» **TASK GOAL**: Could you copy exactly the lines below from the one with "项目简介:随着我国经济的高速" to the one with "1、查看关卡提示Notime", inclusive, leaving out any pictures?

» **SUPPLIED DATA**:
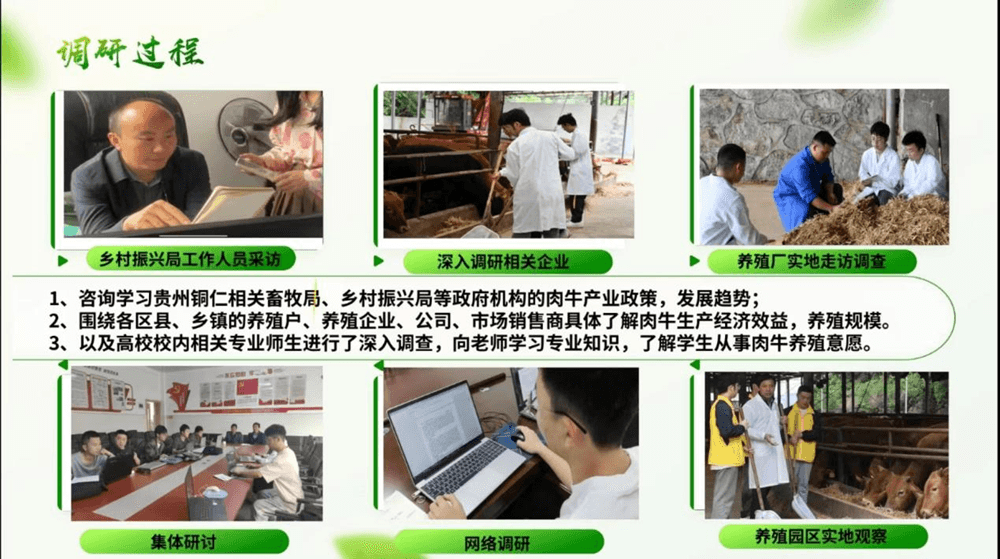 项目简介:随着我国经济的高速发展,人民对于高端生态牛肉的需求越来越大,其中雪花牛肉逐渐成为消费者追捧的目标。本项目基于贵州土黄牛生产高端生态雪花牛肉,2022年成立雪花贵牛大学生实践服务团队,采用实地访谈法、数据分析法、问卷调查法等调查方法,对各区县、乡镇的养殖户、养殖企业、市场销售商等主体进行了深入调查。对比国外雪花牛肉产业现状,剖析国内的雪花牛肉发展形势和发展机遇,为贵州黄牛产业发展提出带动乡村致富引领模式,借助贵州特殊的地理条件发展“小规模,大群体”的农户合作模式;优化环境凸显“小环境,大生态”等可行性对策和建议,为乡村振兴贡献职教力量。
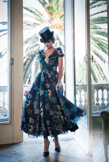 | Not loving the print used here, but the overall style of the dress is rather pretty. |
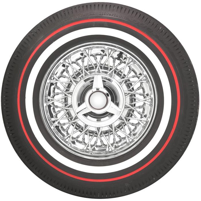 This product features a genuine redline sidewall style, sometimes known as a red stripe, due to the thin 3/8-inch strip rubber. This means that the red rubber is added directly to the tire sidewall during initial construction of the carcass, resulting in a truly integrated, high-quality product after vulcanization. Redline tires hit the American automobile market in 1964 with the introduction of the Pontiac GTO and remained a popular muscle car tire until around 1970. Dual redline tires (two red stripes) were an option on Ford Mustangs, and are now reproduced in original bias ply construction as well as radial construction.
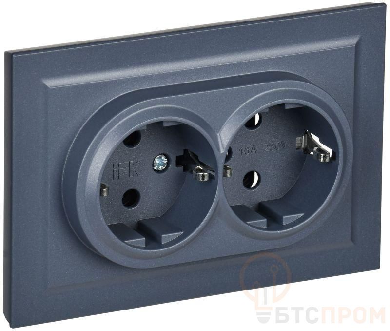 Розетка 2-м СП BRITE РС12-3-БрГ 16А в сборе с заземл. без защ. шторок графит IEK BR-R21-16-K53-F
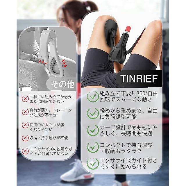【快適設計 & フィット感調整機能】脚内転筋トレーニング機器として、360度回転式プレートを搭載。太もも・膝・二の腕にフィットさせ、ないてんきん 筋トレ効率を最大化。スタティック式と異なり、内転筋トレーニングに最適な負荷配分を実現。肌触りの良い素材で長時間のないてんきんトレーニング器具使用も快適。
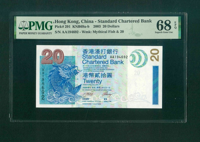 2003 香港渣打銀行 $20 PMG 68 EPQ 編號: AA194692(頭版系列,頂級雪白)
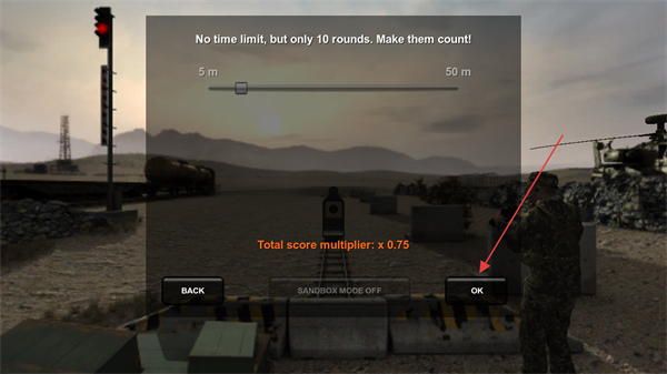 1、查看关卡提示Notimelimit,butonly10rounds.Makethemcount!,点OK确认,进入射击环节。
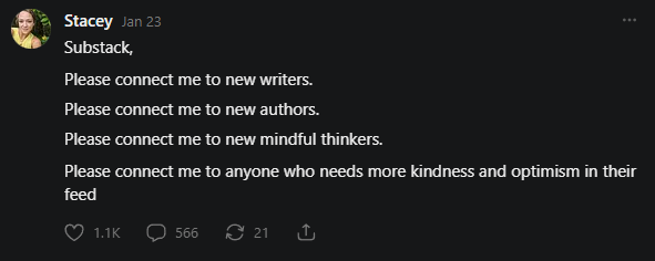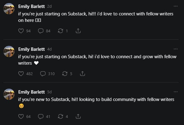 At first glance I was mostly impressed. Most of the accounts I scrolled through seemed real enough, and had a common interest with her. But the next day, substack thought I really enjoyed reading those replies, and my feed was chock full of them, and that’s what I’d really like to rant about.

* * *

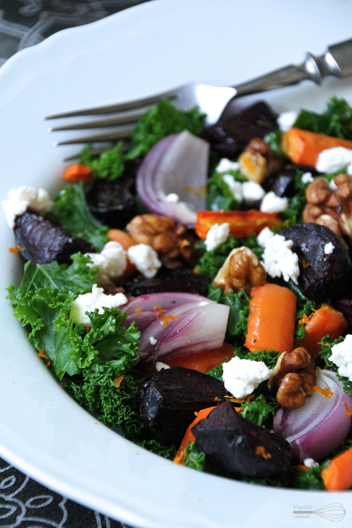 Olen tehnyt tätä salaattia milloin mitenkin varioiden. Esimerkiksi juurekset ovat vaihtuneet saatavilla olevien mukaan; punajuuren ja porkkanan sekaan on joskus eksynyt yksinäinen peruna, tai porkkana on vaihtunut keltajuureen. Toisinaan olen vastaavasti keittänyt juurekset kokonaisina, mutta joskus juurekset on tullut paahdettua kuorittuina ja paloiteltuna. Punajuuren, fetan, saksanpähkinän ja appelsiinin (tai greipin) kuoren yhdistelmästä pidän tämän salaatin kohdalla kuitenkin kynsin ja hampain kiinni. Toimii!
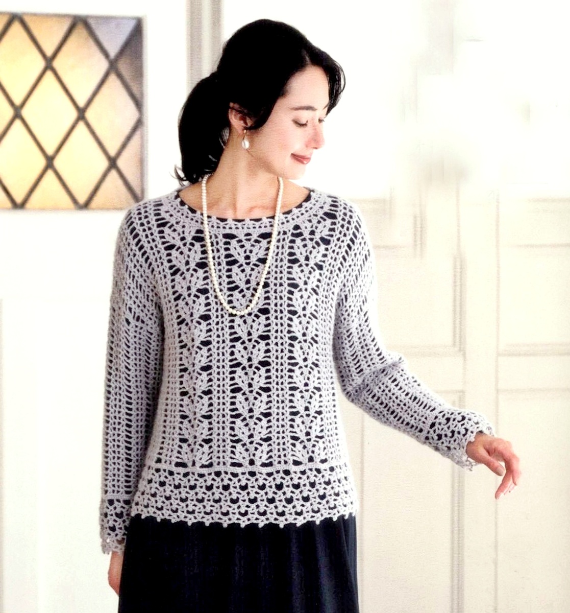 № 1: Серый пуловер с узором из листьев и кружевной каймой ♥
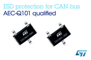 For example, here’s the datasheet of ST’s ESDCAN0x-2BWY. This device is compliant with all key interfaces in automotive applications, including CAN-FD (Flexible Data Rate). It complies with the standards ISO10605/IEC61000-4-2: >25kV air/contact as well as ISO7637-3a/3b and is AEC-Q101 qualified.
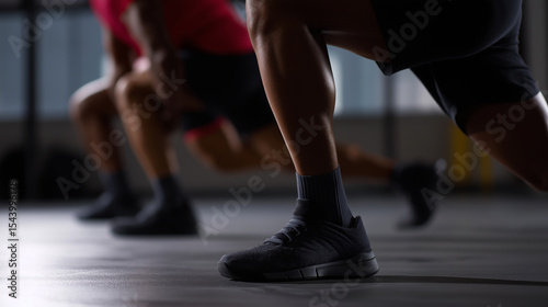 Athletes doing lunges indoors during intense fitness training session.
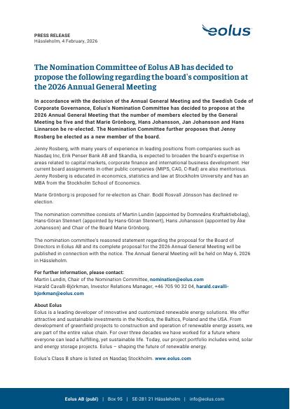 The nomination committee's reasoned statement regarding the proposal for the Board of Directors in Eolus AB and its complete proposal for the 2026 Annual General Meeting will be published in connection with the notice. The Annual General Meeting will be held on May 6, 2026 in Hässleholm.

» **ANSWER AREA**:
 项目简介:随着我国经济的高速发展,人民对于高端生态牛肉的需求越来越大,其中雪花牛肉逐渐成为消费者追捧的目标。本项目基于贵州土黄牛生产高端生态雪花牛肉,2022年成立雪花贵牛大学生实践服务团队,采用实地访谈法、数据分析法、问卷调查法等调查方法,对各区县、乡镇的养殖户、养殖企业、市场销售商等主体进行了深入调查。对比国外雪花牛肉产业现状,剖析国内的雪花牛肉发展形势和发展机遇,为贵州黄牛产业发展提出带动乡村致富引领模式,借助贵州特殊的地理条件发展“小规模,大群体”的农户合作模式;优化环境凸显“小环境,大生态”等可行性对策和建议,为乡村振兴贡献职教力量。
 | Not loving the print used here, but the overall style of the dress is rather pretty. |
 This product features a genuine redline sidewall style, sometimes known as a red stripe, due to the thin 3/8-inch strip rubber. This means that the red rubber is added directly to the tire sidewall during initial construction of the carcass, resulting in a truly integrated, high-quality product after vulcanization. Redline tires hit the American automobile market in 1964 with the introduction of the Pontiac GTO and remained a popular muscle car tire until around 1970. Dual redline tires (two red stripes) were an option on Ford Mustangs, and are now reproduced in original bias ply construction as well as radial construction.
 Розетка 2-м СП BRITE РС12-3-БрГ 16А в сборе с заземл. без защ. шторок графит IEK BR-R21-16-K53-F
【快適設計 & フィット感調整機能】脚内転筋トレーニング機器として、360度回転式プレートを搭載。太もも・膝・二の腕にフィットさせ、ないてんきん 筋トレ効率を最大化。スタティック式と異なり、内転筋トレーニングに最適な負荷配分を実現。肌触りの良い素材で長時間のないてんきんトレーニング器具使用も快適。
 2003 香港渣打銀行 $20 PMG 68 EPQ 編號: AA194692(頭版系列,頂級雪白)
 1、查看关卡提示Notimelimit,butonly10rounds.Makethemcount!,点OK确认,进入射击环节。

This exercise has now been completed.